Run the following commands in the terminal to create a dedicated Python* virtual environment, install the necessary libraries into it, and create a Jupyter* kernel associated with the virtual environment:

python -m venv venv_timeseries source venv_timeseries/bin/activate pip install -q torch torchvision --index-url https://download.pytorch.org/whl/cpu pip install -q autogluon ipywidgets ipykernel python -m ipykernel install --user --name timeseries

It takes several minutes to install these packages. When you open the notebook, use the timeseries kernel to run the code.

Open the Notebook for the Analysis

Open the ChronosTimeSeriesPredictor folder, and then open the TransformerTimeSeriesUsingChronos.ipynb notebook.
 

Once the notebook is open, change to the newly created kernel by selecting Kernel > Change Kernel, and then selecting timeseries in the drop-down menu.

Import the Libraries

Run the first code cell to import the needed modules from the Python libraries that were installed.

from autogluon.timeseries import TimeSeriesDataFrame, TimeSeriesPredictor import matplotlib.pyplot as plt import numpy as np import pandas as pd import torch from tqdm.auto import tqdm

Retrieve and Explore the Data

The sample uses time series data that was generated for another project based on electrical grid data from Toronto Hydro titled Toronto Hydro Transformer Monitors.

Notice the regular daily periodicity and the somewhat irregular nature of the electric grid values bounded and constrained within a statistical envelope for each day.
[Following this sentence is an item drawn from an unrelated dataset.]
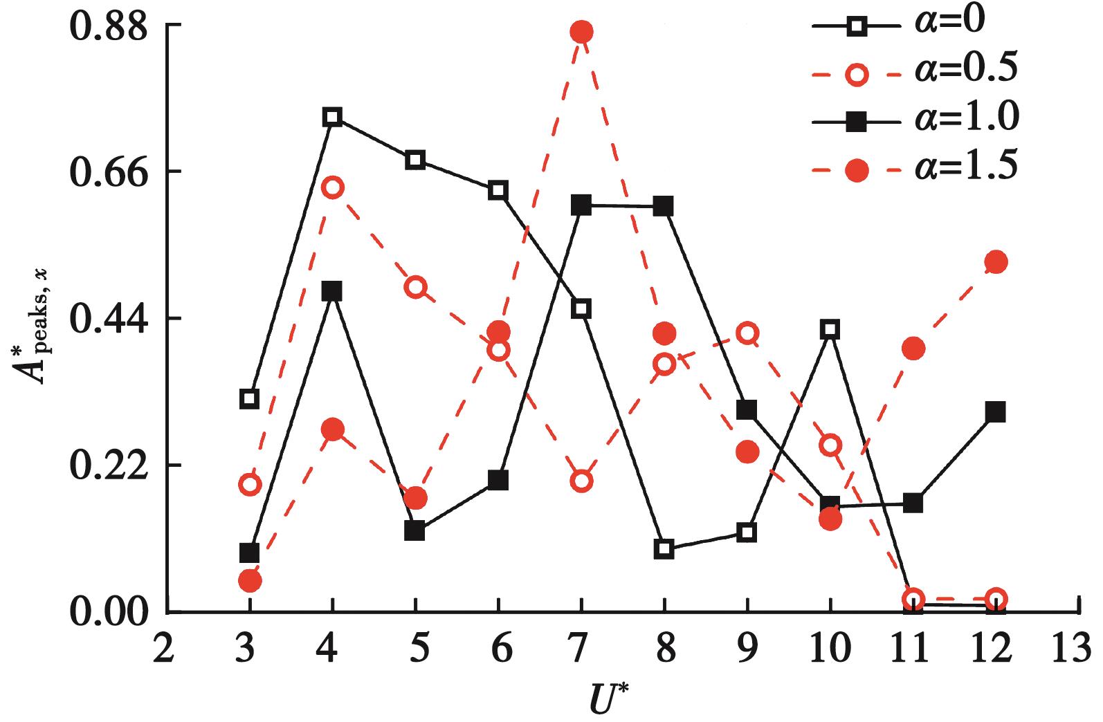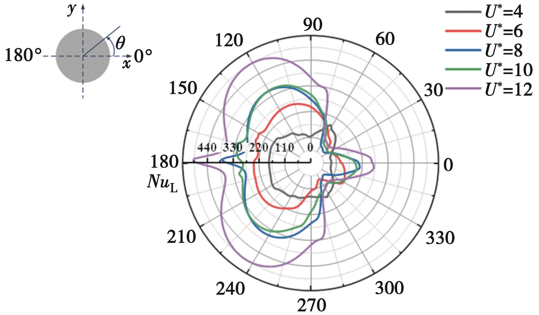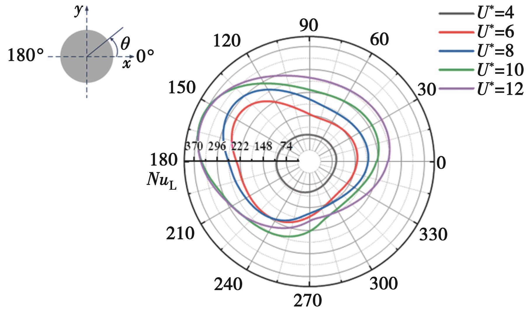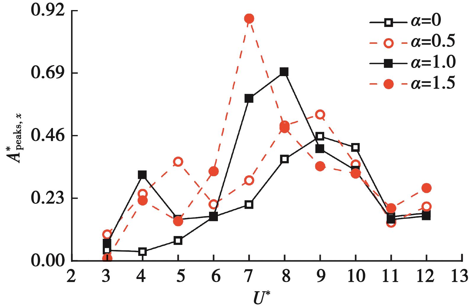 摘要:基于海洋深层流的特点,数值模拟了振荡来流条件下不同折减速度U*和旋转速率α对圆柱振动响应与传热特性的影响。结果表明,圆柱的x(A*peaks,x)和y方向(A*peaks,y)的振幅比存在多个极值点,且随着α增加,A*peaks,x的最大值增大,其对应的U*减小。位移和升阻力系数随着α和U*变化表现出显著差异,x方向的时间平均位移随U*的增加而增大,y方向平均位移和升阻力系数均随α的增大而增大。圆柱的运动轨迹在0≤α≤1.0时,无明显规律;在α=1.5 时,为圆环状。随着U*增加,圆柱平均努塞尔数增大,局部努塞尔数分布逐渐成圆形。随着α增大,涡旋脱落模式由2S转变为单排排列,尾迹逐渐拉伸并趋于U型模式。温度场结果表明,前驻点热交换较弱,后驻点热交换和局部传热效率显著提升。

This data was generated by tracking a mean and standard deviation for every 10-minute interval each day for multiple days. Each time slice was modeled as having its own mean and standard deviation and assumed a Gaussian distribution that was later sampled to generate an infinite amount of data:

import pandas as pd df = pd.read_csv(“anomalySeries.csv”) plt.plot( df.target[-500:]) plt.grid() plt.show()

Load the .csv file in time series format:

# Put into TimeSeries format data = TimeSeriesDataFrame(“anomalySeries.csv”)

Create a Zero-Shot Forecaster

We set up the forecast to run in zero-shot mode, using the model as-is with our data. The model has already been trained on a large amount of time series data, and we don’t have enough training data to meaningfully customize it with fine-tuning. Instead, we use the training subset of the data as input to the predictor, which has a forecasting horizon of 24 tokens.

Note AutoGluon has the ability to perform model selection, but we direct it to use the bolt_ small model.

prediction_length = 24 train_data, test_data = data.train_test_split(prediction_length) predictor = TimeSeriesPredictor(prediction_length=prediction_length).fit( train_data, presets=”bolt_small”, )

 

Forecast the Test Data

Finally, use the test subset to measure how well the forecaster generalizes to unseen data. 

predictions = predictor.predict(test_data) # Turn off matplotlib interactive mode plt.ioff() Len = data.shape[0] predictor.plot( data=data, predictions=predictions, item_ids=["Series"], max_history_length=Len, )

The plot output shows that the trained model does a good job of predicting the periodicity.

Summary

You can see how streamlined it is to obtain a free account on the Intel Tiber AI Cloud and use the Chronos model to train and predict time series. We encourage you to give it a try.